Ich weiß nicht, ob es euch auch so geht, aber Team America hat es mir ein bisschen versaut mit Matt Damon. Denn immer wenn ich seinen Namen lese oder höre, muss ich an das hier denken:

Dabei habe ich mich immer gefragt, warum man in diesem Film Damon als ein bisschen dämlich darstellt. Immerhin hat er sich die letzten Jahre zu einem der Key-Player heraufgearbeitet und ist quasi nicht mehr wegzudenken. Kurzum, es kann mit Fug und Recht behauptet werden, dass Damon in Hollywood zur Schauspieler-Elite  gehört. Und mit ein bisschen Glück kann er nächstes Jahr vielleicht sogar einen weiteren Oscar für seine Darstellung in Der Marsianer - Rettet Mark Watney abstauben, die, so unter uns, wirklich hervorragend ist.

Inzwischen habe ich aber eine Ahnung, warum er in Team America so dargestellt wurde. Nicht, dass Damon dumm wäre.

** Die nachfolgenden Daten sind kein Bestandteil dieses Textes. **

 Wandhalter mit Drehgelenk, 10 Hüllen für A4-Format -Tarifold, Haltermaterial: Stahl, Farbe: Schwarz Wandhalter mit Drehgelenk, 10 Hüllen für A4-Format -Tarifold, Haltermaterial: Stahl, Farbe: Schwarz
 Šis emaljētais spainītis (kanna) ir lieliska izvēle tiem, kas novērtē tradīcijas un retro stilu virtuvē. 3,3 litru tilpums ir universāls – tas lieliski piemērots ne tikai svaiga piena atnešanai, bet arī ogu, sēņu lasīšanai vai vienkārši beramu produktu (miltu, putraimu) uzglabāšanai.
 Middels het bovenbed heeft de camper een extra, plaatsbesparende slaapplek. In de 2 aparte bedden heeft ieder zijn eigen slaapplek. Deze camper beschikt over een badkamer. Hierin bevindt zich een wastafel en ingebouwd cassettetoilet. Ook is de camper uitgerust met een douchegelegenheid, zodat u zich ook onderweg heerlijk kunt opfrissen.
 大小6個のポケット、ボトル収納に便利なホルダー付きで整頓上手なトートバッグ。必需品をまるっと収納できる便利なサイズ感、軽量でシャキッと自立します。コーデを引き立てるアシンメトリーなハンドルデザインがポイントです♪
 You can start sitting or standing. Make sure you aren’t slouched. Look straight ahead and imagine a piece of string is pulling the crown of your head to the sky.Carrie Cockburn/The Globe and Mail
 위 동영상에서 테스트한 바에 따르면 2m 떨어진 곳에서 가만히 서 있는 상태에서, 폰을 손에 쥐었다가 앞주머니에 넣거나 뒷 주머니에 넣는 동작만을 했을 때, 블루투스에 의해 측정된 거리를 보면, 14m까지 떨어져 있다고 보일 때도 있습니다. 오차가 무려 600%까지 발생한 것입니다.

Aber er ist sich seiner eigenen, hochgradig privilegierten Situation nicht so ganz bewusst und hat dadurch keinerlei Ahnung oder Gespür für seine Umgebung und die Existenzkämpfe derer, die nicht reich, weiß, männlich, hetero und gebildet sind. Aber beginnen wir von vorn:

Matt Damon und sein Bro Ben Affleck haben eine gemeinsame Show namens Project Greenlight. Es ist eine Casting Show für Newcomer-Regisseure, die, wenn sie gewinnen, ihren ersten Langfilm produzieren dürfen. Dieses Jahr wäre das eine Komödie namens "Not Another Pretty Woman".

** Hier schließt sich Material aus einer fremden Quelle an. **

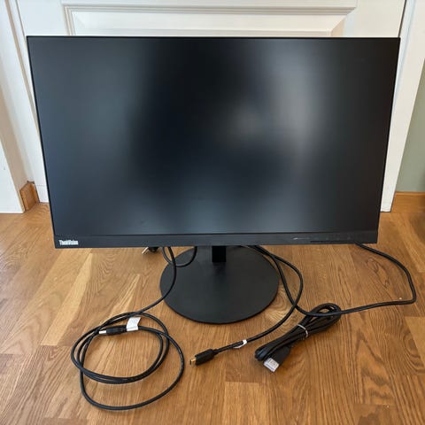Lenovo ThinkVision P24h-20 bildskärm med 24 tum skärmstorlek i svart utförande. Skärmen är monterad på ett justerbart stativ. Baksidan har anslutningar och etiketter med modell- och serienummer. Passar för användning med stationär dator på skrivbord, exempelvis för kontorsarbete, studier eller allmänt datorbruk.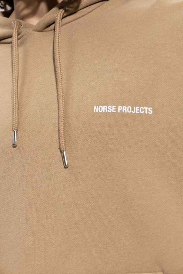 Beige ‘Arne’ sweatshirt with a drawcord-adjustable hood from Norse Projects. Crafted from cotton jersey, this style features a kangaroo pocket and a printed white logo on the front and ribbed trims on the bottom hem and long sleeves.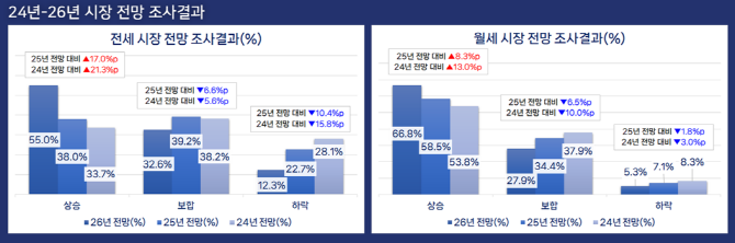이는 다방이 2023년부터 매년 진행해 온 임대차 시장 전망 조사 가운데 전세와 월세 모두에서 상승 전망이 가장 우세하게 나타난 첫 사례다. 지난해와 올해 조사에서는 전세는 보합, 월세는 상승 전망이 주를 이뤘으나, 내년을 바라보는 시각은 두 시장 모두 상승 쪽으로 기울었다.

Die Juroren bestehen aus Affleck, Damon, den Farrelly-Brüdern und diversen anderen Executives. Eine davon ist Effie Brown. Brown ist eine erfolgreiche Filmproduzentin (Dear White People) und innerhalb des komplett weißen Juroren-Panels die einzige schwarze Frau. Sie ist quasi ihre eigene Diversity-Quote. Und sie hatte eine wichtige Anmerkung zur die Auswahl des Gewinner-Regisseurs und des zur Debatte stehenden Drehbuchs. Denn die einzige nicht-weiße Frau, die in diesem Drehbuch vorkommt, ist Harmony, eine Prostituierte, die von ihrem Zuhälter geschlagen wird.

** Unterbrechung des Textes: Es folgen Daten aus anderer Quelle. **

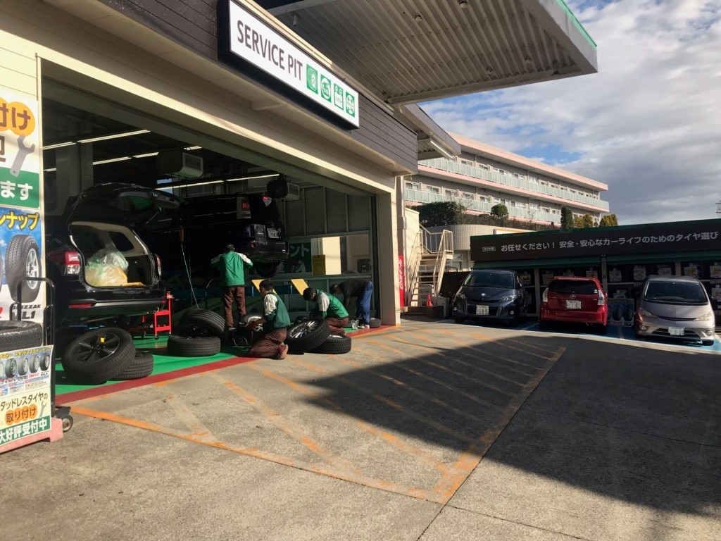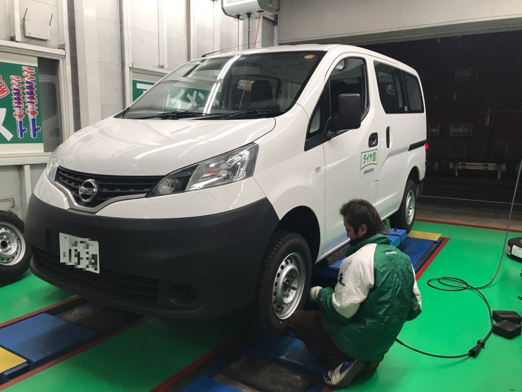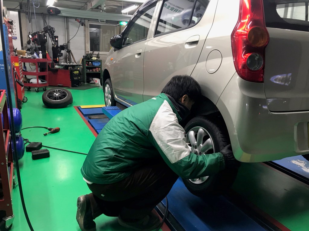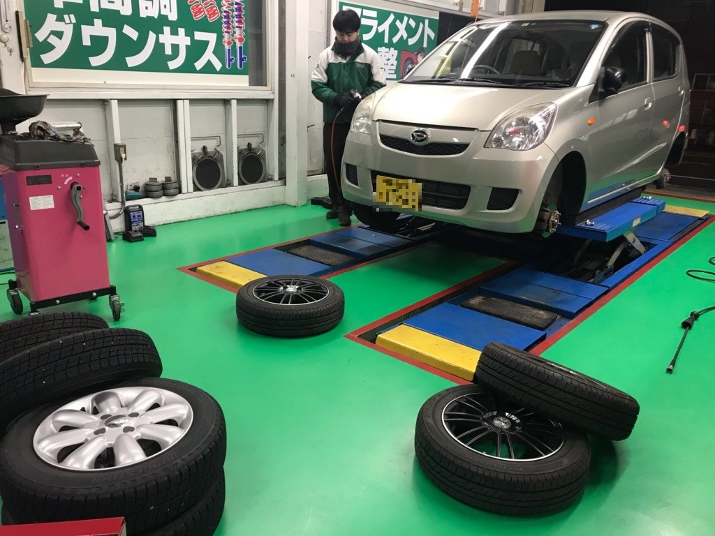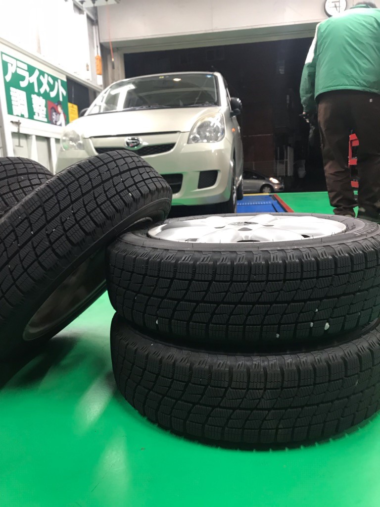 当店の代車、社用車のスタッドレスタイヤへの履き替え作業です。

Browns Einwand ist nicht einmal der, dass es eigenartig ist, dass es a) nur eine schwarze Frau gibt, die b) eine Prostituierte spielt, die c) geschlagen wird und das d) in einer Komödie. Ihr Einwand ist, dass man bei der Wahl des Gewinners auch darauf achten sollte, dass diese/r auch jemand ist, der/die eine Sensibilität für das Diversitätsproblem des Drehbuchs hat. Also jemand, dem klar ist, wie eigenartig und schwierig die Figur Harmony ist und dass sie als einziger nicht-weißer Charakter im ganzen Film eine Prostituierte ist, die geschlagen wird. Eigentlich logisch, oder? Es wäre schon besser, wenn der Regisseur das Feingefühl und Bewusstsein für das hat, was er da dreht. Man würde ja Michael Bay jetzt auch nicht Schindlers Liste drehen lassen.

Matt Damon sieht das allerdings anders. Genauer gesagt sieht er es genau so, wie die Filmindustrie, in der er arbeitet und deren höchst konservativen Ideen er unbedacht repliziert. Denn für ihn funktionieren sie ja sehr gut. Damon ist es daher völlig egal, wer der Regisseur ist, der den Film macht - Hauptsache der/die Beste gewinnt. Nun würde ich behaupten, dass zu diesem "Besten" eben auch gehört, dass man sich als Filmemacher den sozialen, gesellschaftlichen und politischen Implikationen seines Filmes bewusst ist. Sprich, dass man ein Gespür für Diversity hat und auch seine eigenen Erfahrungen mit einbringt. Oder wenigstens Menschen im Team hat, die sich auskennen. So wie Kip S. Thorne bei Interstellar beratend zur Verfügung stand, weil Christopher Nolan eben nicht so viel Ahnung vom Weltraum hat und man mit seiner Hilfe klar stellen wollte, dass Matt Damon auf seinem Planeten möglichst realistisch rumhüpft.

Für Damon ist Diversität aber kein so relevantes Thema, dass er Expertentum oder gar nur eine Sensibilität für das Thema innerhalb der Crew für wichtig hält. Diversität ist für ihn erst relevant, wenn es um die Auswahl der SchauspielerInnen geht. Sprich, es reicht, wenn man aufpasst, dass die Figur der schwarzen, geschlagenen Prostituierten auch schwarz ist. Und das muss man schon als einen Sieg werten, den z.B. Transgender-Charaktere, so manche homosexuelle Figuren oder andere ethnische Minoritäten noch nicht komplett errungen haben.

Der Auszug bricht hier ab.